Сочинения Фернейского мудреца подействовали на нашего поэта главным образом своею культурною силой; на них воспиталась в Батюшкове глубокая любовь к просвещению и неразрывно связанной с нею свободе мысли; из них почерпнул он уважение к достоинству человека, к благородному умственному труду и к званию писателя, отвращение от педантизма, помрачающего ум и ожесточающего сердце; они же внушили ему общую гуманность понятий и терпимость к чужим убеждениям. Вместе с этими истинами, которые составляют основные и вековечные начала образованности, Батюшков позаимствовал у Вольтера и такие идеи, в которых последний является только сыном своего века. Вслед за Вольтером (и Кондильяком) Батюшков высказывает сенсуалистические понятия о неразрывности души с телом; под его влиянием берется он за чтение Локка и вооружается против метафизики, которую и Вольтер любил сводить к морали {Соч., т. III, с. 49, 52, 56, 136.}. Наконец, и религиозные идеи Вольтера отразились на Батюшкове. Противник положительной религии, Вольтер оставался, однако, деистом и защищал идею Божества против Гольбаха. Батюшков, без сомнения, знал эти возражения Вольтера против атеизма; когда он прочел Гольбахову "Систему природы", он в следующих словах высказал Гнедичу свое впечатление: "Сочинитель в конце книги, разрушив все, смешав все, призывает природу и делает ее всему началом... Невозможно никому отвергнуть и не познать какое-либо начало; назови его как хочешь, все одно; но оно существует, то есть существует Бог" {Там же, с. 57.}.

Само собою разумеется, что сочинения Вольтера должны были оказать влияние на Батюшкова и в собственно литературном смысле. Ум Вольтера, столь смелый в вопросах религии и политики, оказался очень робким в сфере искусства: в деле литературной критики автор "Генриады" не вышел из рамок псевдоклассицизма. Впрочем, на Батюшкова он повлиял не столько как теоретик, а, скорее, как поэт, особенно как лирик. Но в этом случае отношение к нему нашего автора необходимо рассматривать в связи с другими литературными влияниями, испытанными Батюшковым.

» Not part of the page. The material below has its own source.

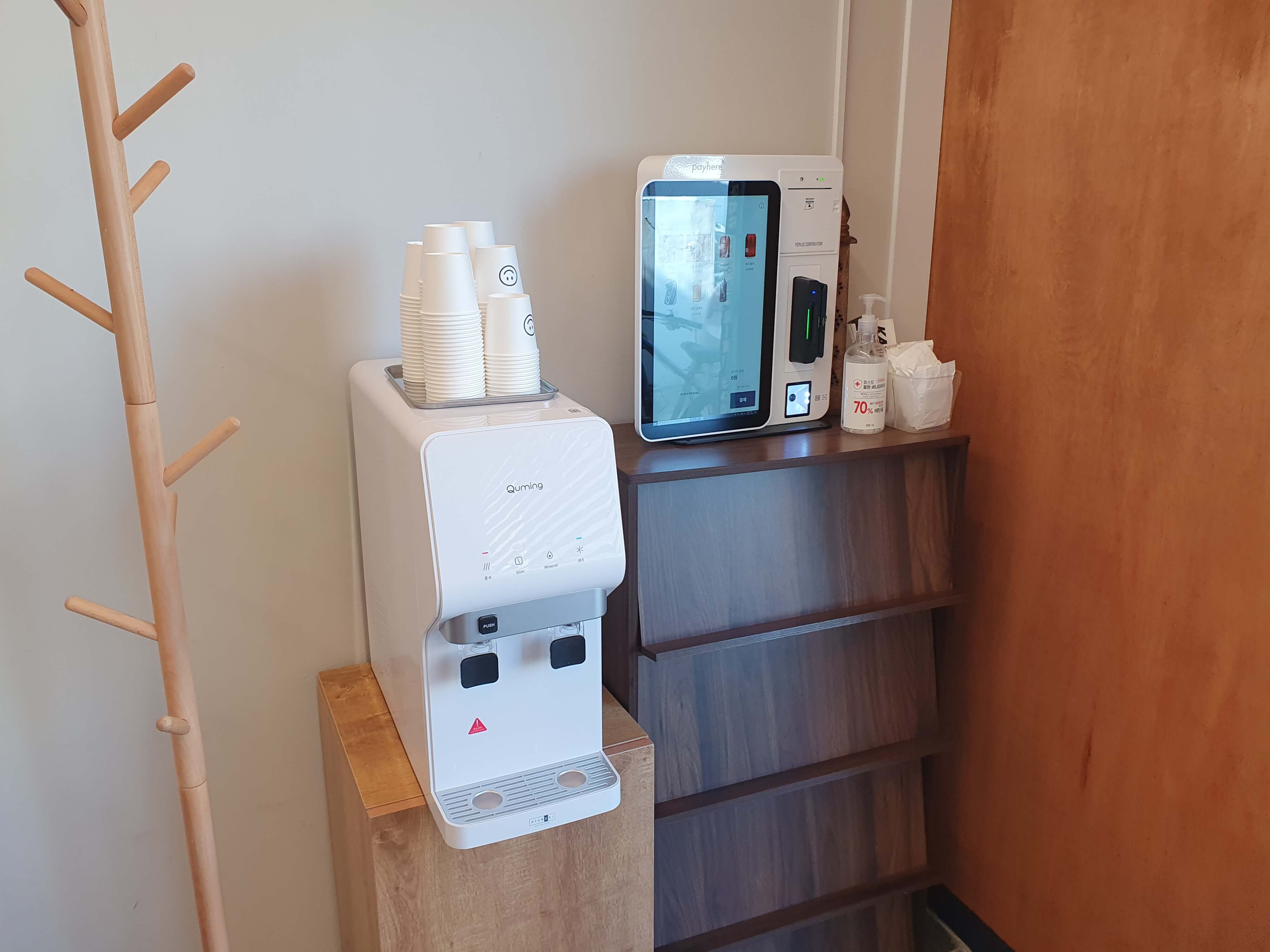 입구 옆에 옷걸이, 정수기, 키오스크가 준비되어 있습니다.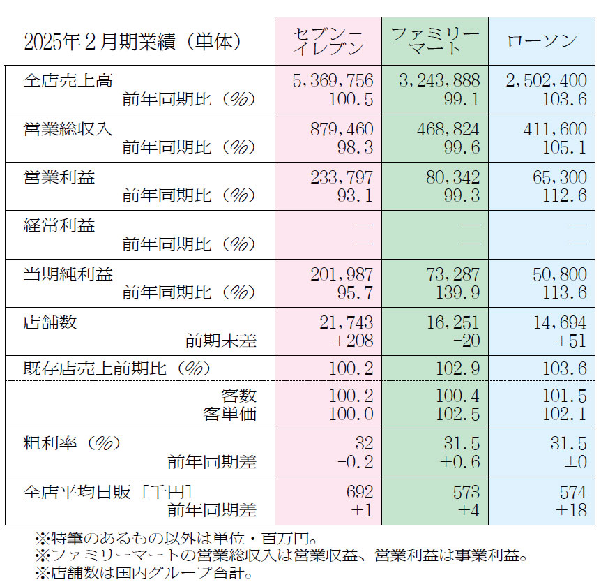 コンビニ大手3社の25年2月期業績(単体)が出そろった。各社ともに既存店売上高、全店平均日販、客数・客単価が前年を上回り、物価高騰のなか来店につなげるための価格戦略や、話題性あるキャンペーン施策が奏功した。夏の猛暑やインバウンド需要も追い風となった。

Мы уже видели, что Батюшков с редким тактом и очень рано определил свойство и род своего дарования. В этом случае он обнаружил такое же верное чутье, как Жуковский. Как для последнего лиро-эпическая форма баллады сделалась любимою формою творчества, так Батюшков сосредоточился на тех родах лирики, которые служат поэтическим выражением интимного чувства и облекаются в форму иногда элегии, но чаще антологического стихотворения. Мы с намерением употребляем это последнее выражение, не имеющее вполне точного терминологического значения: пьесы Батюшкова, всего искреннее вылившиеся из его души, всего ярче характеризующие его талант, с трудом могут быть подведены под видовые определения; но и по внутреннему чувству, которым вызваны, и по художественным целям автора они вообще удобно входят в ту рубрику "антологических стихотворений", которую французы издавна привыкли называть poesies fugitives, а наш поэт называл произведениями "легкой поэзии". Термин этот, положим, неудачен, но смысл его достаточно ясен и верно соответствует характеру творчества Батюшкова.

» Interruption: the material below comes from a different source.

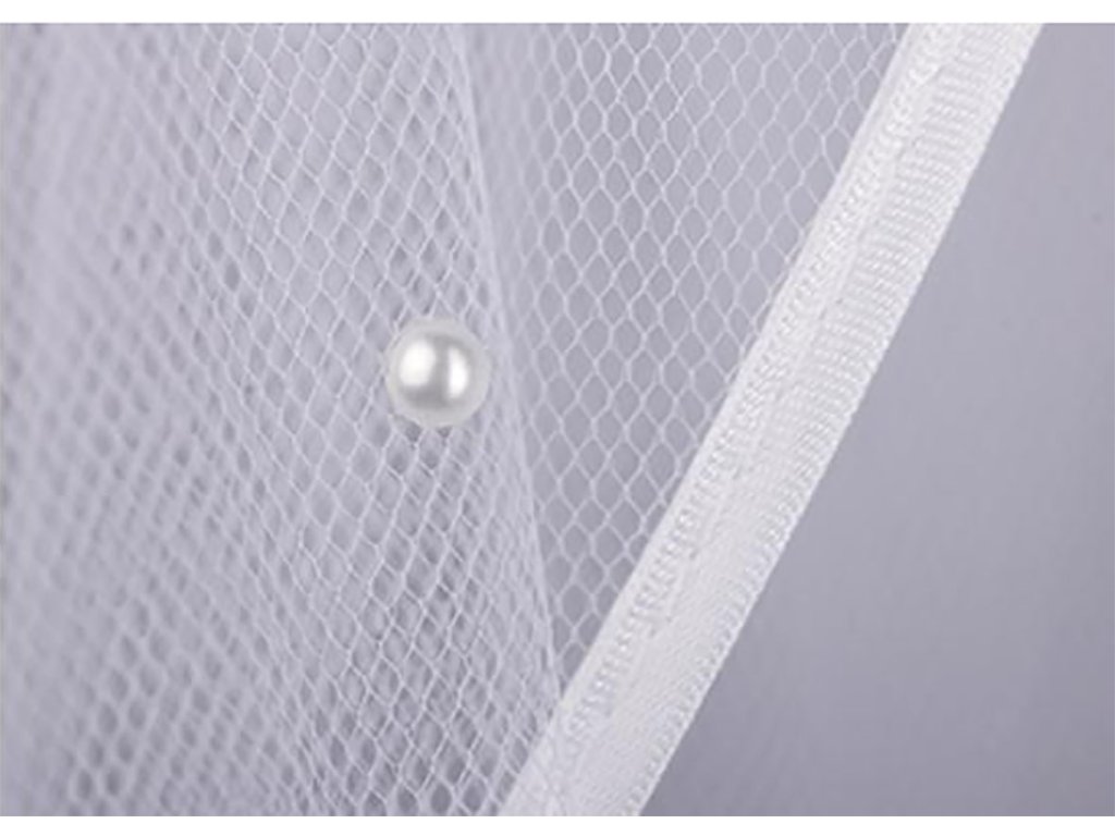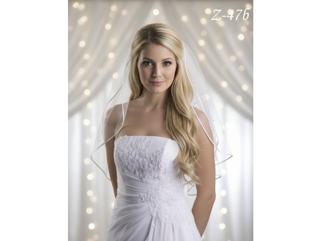 Dvojvrstvý svatební závoj se saténovým lemem, zdobený 30 perlami Swarovski.

Антологический род в то время был мало разработан в русской литературе; поэтому за образцами Батюшков должен был обращаться в другие литературы, более зрелые. Так он и делал; и нужно сказать, он любил сверять свое вдохновение с чужим; нередко брал он у того или другого поэта ту или иную черту и усваивал ее своему произведению; он сам говорит об этом в своих письмах {Соч., т. III, с. 99, 114 и др.}, и притом как о деле художественного выбора, а не простого заимствования. Таков был старый литературный обычай, быть может, завещанный молодому поэту Муравьевым, и если обычай этот стеснял иногда свободные порывы творчества, зато служил к выработке точности в поэтической речи. Батюшков любил говорить, что он не отделывает своих стихов {Там же, с. 187.}; но это неверно: за недостатком черновых, которых не сохранилось, сличение его стихотворений по нескольким редакциям, последовательно являвшимся в печати, доказывает, что почти каждая пьеса его подвергалась неоднократной переработке, и этот внимательный труд составляет одну из главных заслуг нашего поэта в общем развитии русской литературы: Батюшков наряду с Жуковским должен быть признан одним из главных строителей нашей поэтической речи; в этом именно смысле их обоих называл своими учителями великий Пушкин.

Для антологических стихотворений Батюшков избрал себе образцами, с одной стороны - Горация и Тибулла, с другой - Вольтера и Парни. Но отношения его к этим образцам были неодинаковы; они различались сообразно свойству оригиналов.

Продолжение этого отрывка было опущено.